I wanted to become a Bible translator with the Wycliffe Bible Translators and was already a member, actually, when I thought it would be a good thing to have a working knowledge of Greek and Hebrew. So I went to Dallas Seminary in 1972.
In those days there were just 450 of us men in the entire student body. Now there are thousands, including many women, and DTS has several campuses around the country. When my dad went there in the late forties there were only two buildings and 80 students and he lived in a small trailer house on campus. So, the place has grown a lot.
One of the things I enjoyed and looked forward to each day was chapel. We had some of the finest preachers in the country on faculty, and many alumni were noted pastors and preachers as well and the best of these were often invited to come speak. Chapel was required and lasted a brief 30 minutes. We only had classes four days a week (Tuesday through Friday, unless you were doing intro Hebrew, then there was also a Saturday morning class). I have to say that when 450 male students sang “All Hail the Power of Jesus’ Name” in Chafer Chapel it was a moving experience, especially when we hit the chorus with the bass and tenors cascading through the “crown Hims” and then, all together, “and Crown Him Lord of All.”
There were several lecture series a year—the W.H. Griffith Thomas Lectures (theological and scholarly), a Missions conference (in the spring), and a Bible exposition series. Each of these were 4 days worth of our chapel time.
In the spring of 1975 a pastor from Des Plaines Bible Church in Illinois, one of the illustrious alums of this fine institution, was the speaker for the Bible exposition series. His name was Craig Massey and he was a large man with rather severe macular degeneration because when he read the text he had to bring his big print Bible right up to his face–just inches away. I have no idea what his text was that he was preaching from for reasons that will become clear in a minute (but I think it was II Timothy). He was articulate, spun out anecdotes with a practiced flourish, and was, all in all, a great communicator.
On Thursday, the third day of his series, everything had gone pretty much according to what we were used to–announcements (brief), Dr. Seume, our Chaplain, leading us in a rousing hymn, a brief introduction of the speaker by Dr. Walvoord, and then Dr. Massey got up to preach.

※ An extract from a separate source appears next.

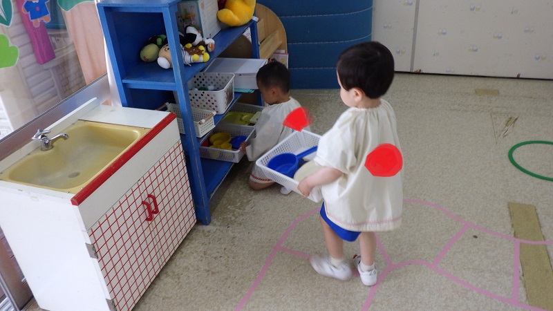 お片づけ頑張ってるよ!~ひまわり組(満三歳児保育)~

He had about 23 minutes left at that point and his short talk became the single most memorable sermon I had ever heard or have ever heard since. Actually, to be a bit more precise, it was one portion of his talk that became so very memorable.
He started with an anecdote that put us into good humor–a well told story. And then he got into the meat of his text. And then, rather abruptly, he departed from the text, he departed from his subject matter, and imparted to us a life lesson that was memorable in the extreme.

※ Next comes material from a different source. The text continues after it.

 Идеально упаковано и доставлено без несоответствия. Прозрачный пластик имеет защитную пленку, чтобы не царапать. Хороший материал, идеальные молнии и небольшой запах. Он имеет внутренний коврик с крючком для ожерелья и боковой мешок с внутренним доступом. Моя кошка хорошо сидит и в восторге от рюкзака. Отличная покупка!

He was half way through his message when he stopped talking and slowly laid his Bible down on the pulpit. We had taken homiletics and we knew something about the dramatic pause (“pitch, pace, pause and punch” was the mantra of one of my homiletics profs). He looked out at this chapel full of men. And then in a conversational tone he said, “Men, bring your wife to orgasm twice a week and you will have a very happy marriage.”
I can remember the exact seat I was sitting in. I can remember the sudden stillness in the room. Never, ever, had any such thing been said out loud or even alluded to that I could recall (and such a thing I think I would recall, I am sure). Oh sure, we had profs that gave us advice like, “Men, keep your pencil in your pocket” (Hendricks). But the word, uh, orgasm, had never ever been spoken out loud. It is my bet that it had never been uttered from that pulpit in Chafer Chapel before. And maybe never since.
And this is why, dear reader, I can not recall the text he was preaching from. This one statement was so potent, so unexpected, so, so, so memorable that it is the only thing I remember apart from the preacher’s name.
And then, as if he said nothing other than something like, “The weather is mighty fine in Texas” he paused, picked up his big black Bible and said, “Now, where was I….”
And I am still trying to remember what passage he was in.